Description: In a Moore system whose closure operator has the exchange property, if a set is independent and an element is not in its closure, then adding the element to the set gives another independent set.

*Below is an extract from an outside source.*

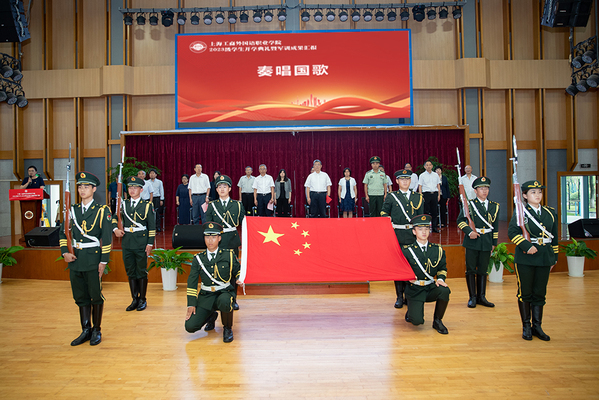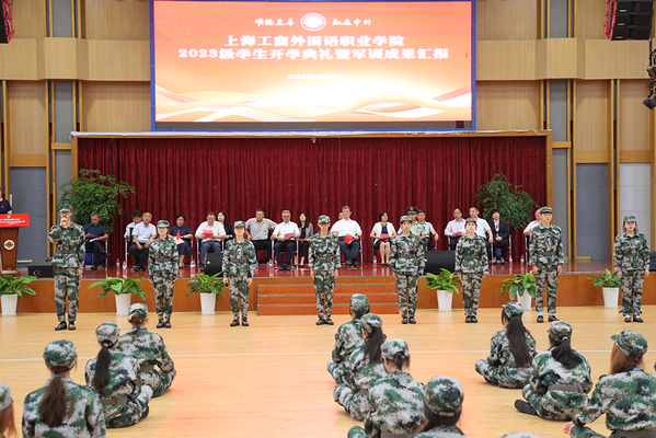9月22日上午,学校2023级学生开学典礼暨军训成果汇报在南区体育馆举行。学校校长姚秀平,党委书记李月松,军训团团长张付军,学校党委副书记、副校长段仁启,副校长张学龙、黄正,以及各二级学院院长、职能处室领导、各学院党总支(直属支部)书记、武警上海总队机动一支队官兵、新生辅导员与1000余名2023级新生代表在主会场南区体育馆参加了开学典礼,其余新生在各班级教室观看现场直播,一同见证这一美好时刻。学工部部长陈瑜主持开学典礼。

Lemma 4.1.5 in [FaureFrolicher] p. 84. (Contributed by David Moews, 1-May-2017.)

Hypotheses

Ref	Expression
mreexmrid.1	⊢ (𝜑 → 𝐴 ∈ (Moore‘𝑋))
mreexmrid.2	⊢ 𝑁 = (mrCls‘𝐴)
mreexmrid.3	⊢ 𝐼 = (mrInd‘𝐴)
mreexmrid.4	⊢ (𝜑 → ∀𝑠 ∈ 𝒫 𝑋∀𝑦 ∈ 𝑋 ∀𝑧 ∈ ((𝑁‘(𝑠 ∪ {𝑦})) ∖ (𝑁‘𝑠))𝑦 ∈ (𝑁‘(𝑠 ∪ {𝑧})))
mreexmrid.5	⊢ (𝜑 → 𝑆 ∈ 𝐼)
mreexmrid.6	⊢ (𝜑 → 𝑌 ∈ 𝑋)
mreexmrid.7	⊢ (𝜑 → ¬ 𝑌 ∈ (𝑁‘𝑆))

Assertion

Ref	Expression
mreexmrid	⊢ (𝜑 → (𝑆 ∪ {𝑌}) ∈ 𝐼)

Distinct variable groups:   𝑋,𝑠,𝑦   𝑆,𝑠,𝑧,𝑦   𝜑,𝑠,𝑦,𝑧   𝑌,𝑠,𝑦,𝑧   𝑁,𝑠,𝑦,𝑧

Allowed substitution hints:   𝐴(𝑦,𝑧,𝑠)   𝐼(𝑦,𝑧,𝑠)   𝑋(𝑧)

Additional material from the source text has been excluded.